═════ Information shown
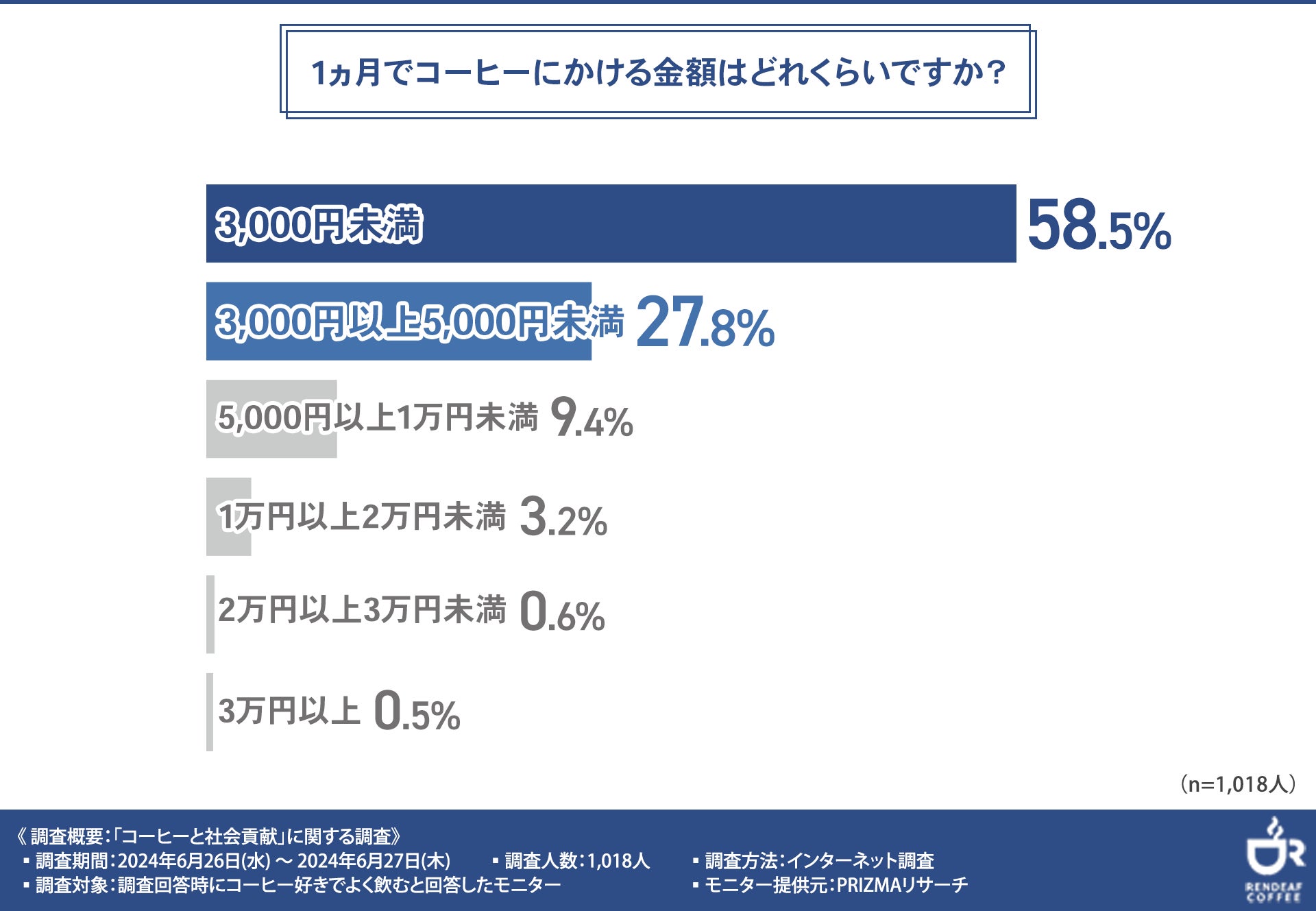 1ヶ月にコーヒーにかける金額は3,000円未満が約6割
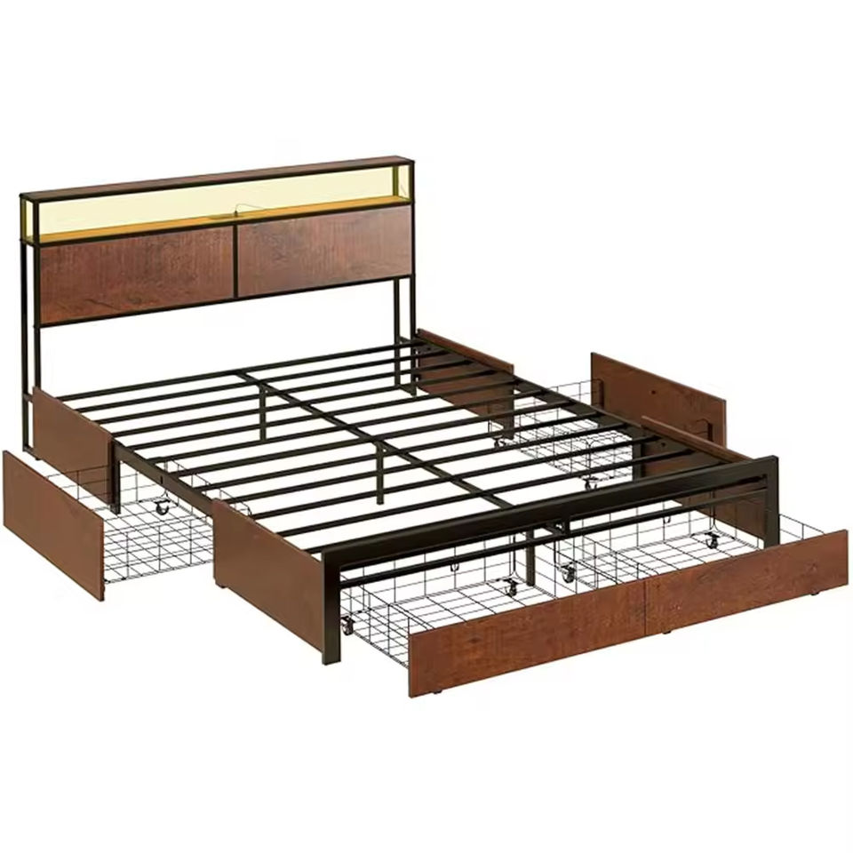 Letto Moderno Homerich con Struttura in Metallo Regolabile, Testiera e 4 Cassetti Portaoggetti, Colore Personalizzabile
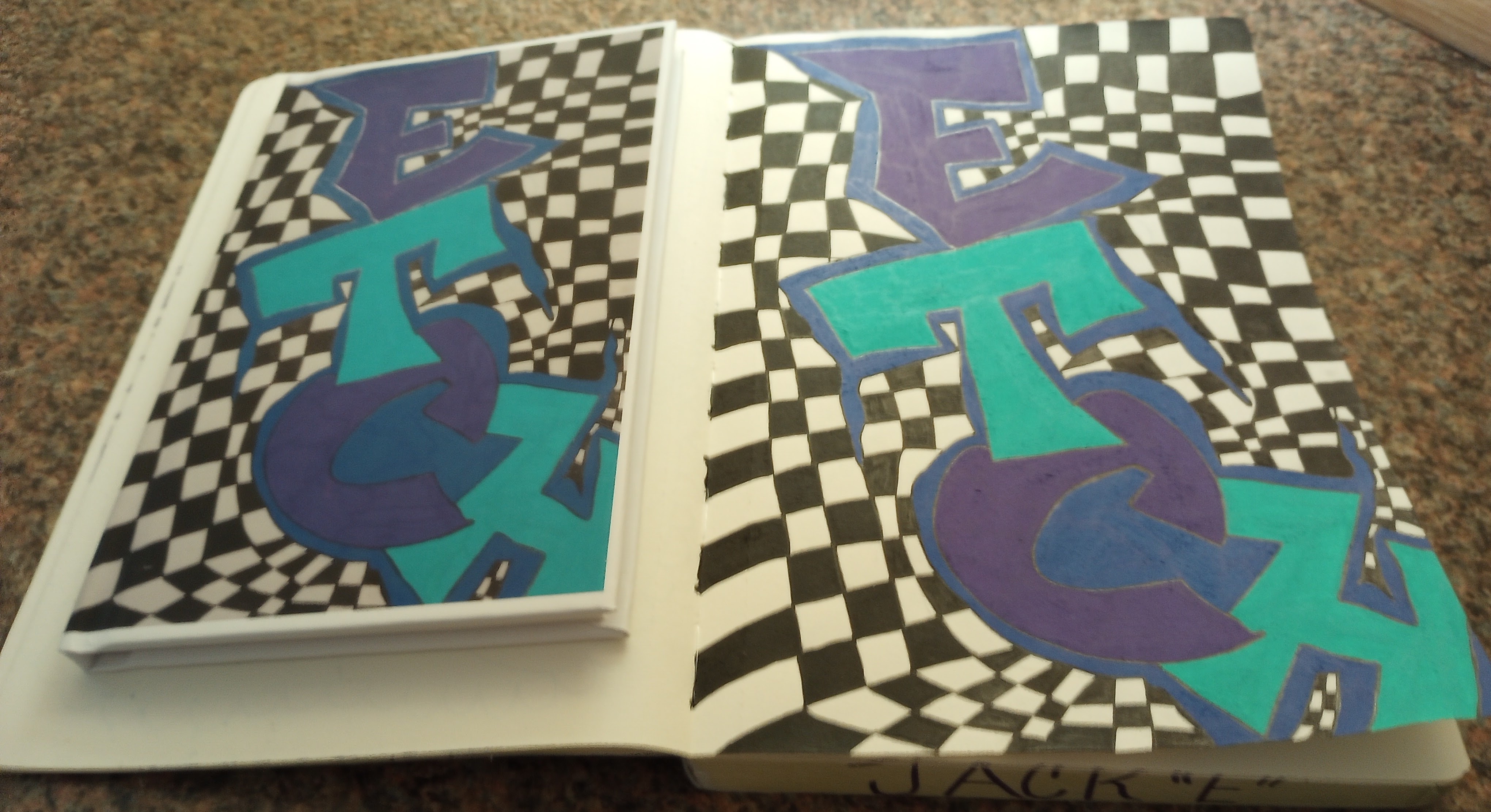 On the spine of my new journal I have “Of Etchings & Verses”. I wanted my personalized journal to house both verses and drawings. I dubbed it Etchings… for two reasons. The most obvious reason is that the front cover reads: “ETCH”. The second reason is that it is reminiscent of when my mother called my drawings–“Etchings”.
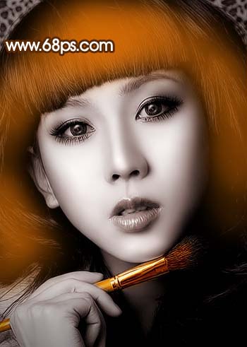 11、新建一个图层,前景颜色设置为:#D56B04,然后稍微把人物头发涂一下,如图
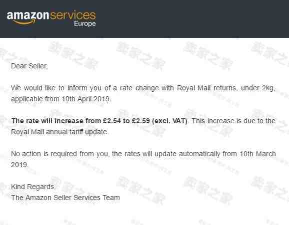 邮件内容中指出,从2019年4月10日起,英国皇家邮政(Royal Mail)的退税率,2公斤以下,税率将从2.54英镑增加到2.59英镑(不含增值税)。这一增长是由于皇家邮政年度关税更新。卖家无需采取任何措施,价格将自2019年3月10日起自动更新。
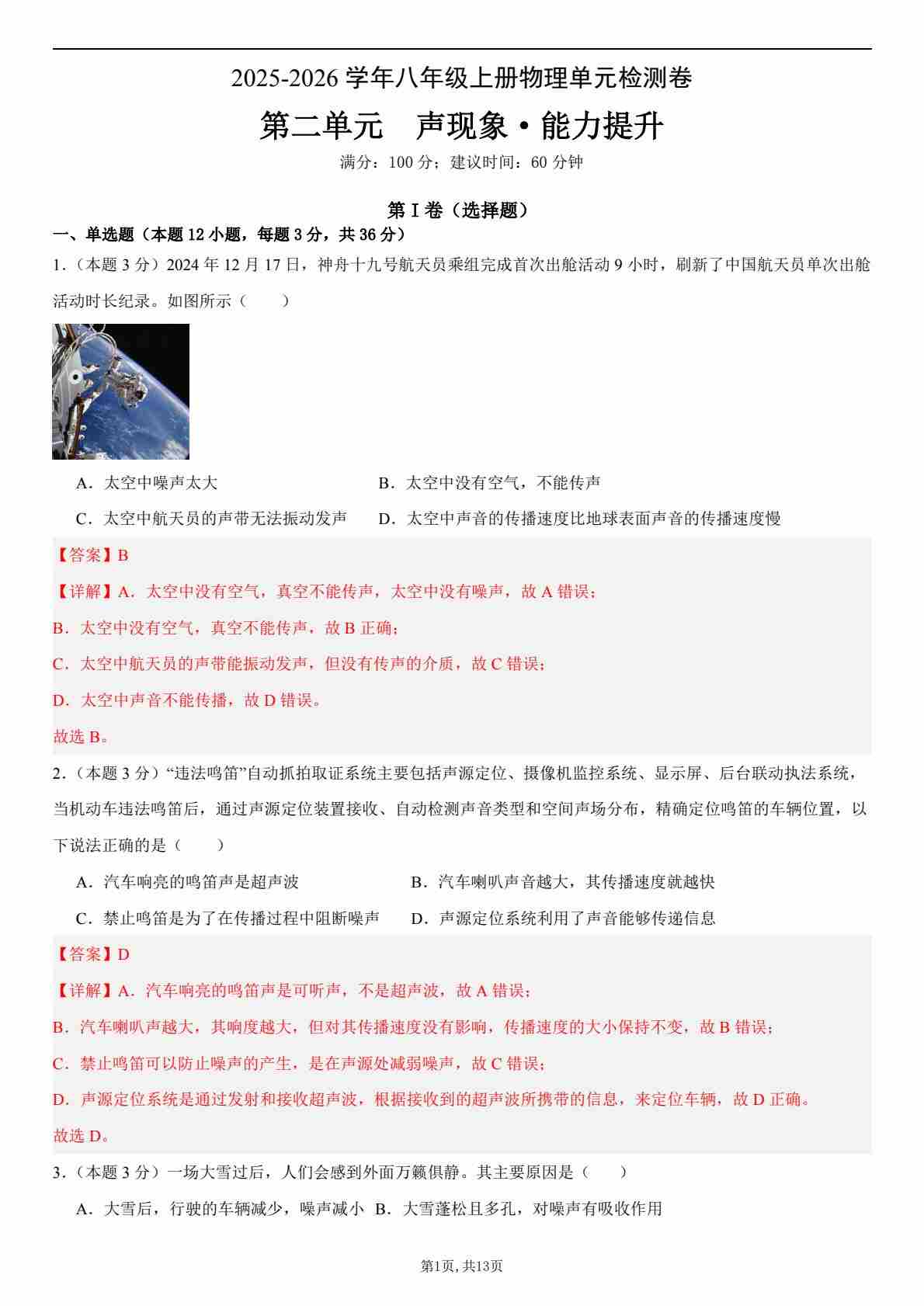 首页 > 全部 > 单元提升卷 > 【八上人教物理】第二单元 声现象(单元测试·提升卷)(解析版)1
══════════
What to produce
Repeat every line above precisely; pictures do not belong in the copy.

Task result
 1ヶ月にコーヒーにかける金額は3,000円未満が約6割
 Letto Moderno Homerich con Struttura in Metallo Regolabile, Testiera e 4 Cassetti Portaoggetti, Colore Personalizzabile
 On the spine of my new journal I have “Of Etchings & Verses”. I wanted my personalized journal to house both verses and drawings. I dubbed it Etchings… for two reasons. The most obvious reason is that the front cover reads: “ETCH”. The second reason is that it is reminiscent of when my mother called my drawings–“Etchings”.
 11、新建一个图层,前景颜色设置为:#D56B04,然后稍微把人物头发涂一下,如图
 邮件内容中指出,从2019年4月10日起,英国皇家邮政(Royal Mail)的退税率,2公斤以下,税率将从2.54英镑增加到2.59英镑(不含增值税)。这一增长是由于皇家邮政年度关税更新。卖家无需采取任何措施,价格将自2019年3月10日起自动更新。
 首页 > 全部 > 单元提升卷 > 【八上人教物理】第二单元 声现象(单元测试·提升卷)(解析版)1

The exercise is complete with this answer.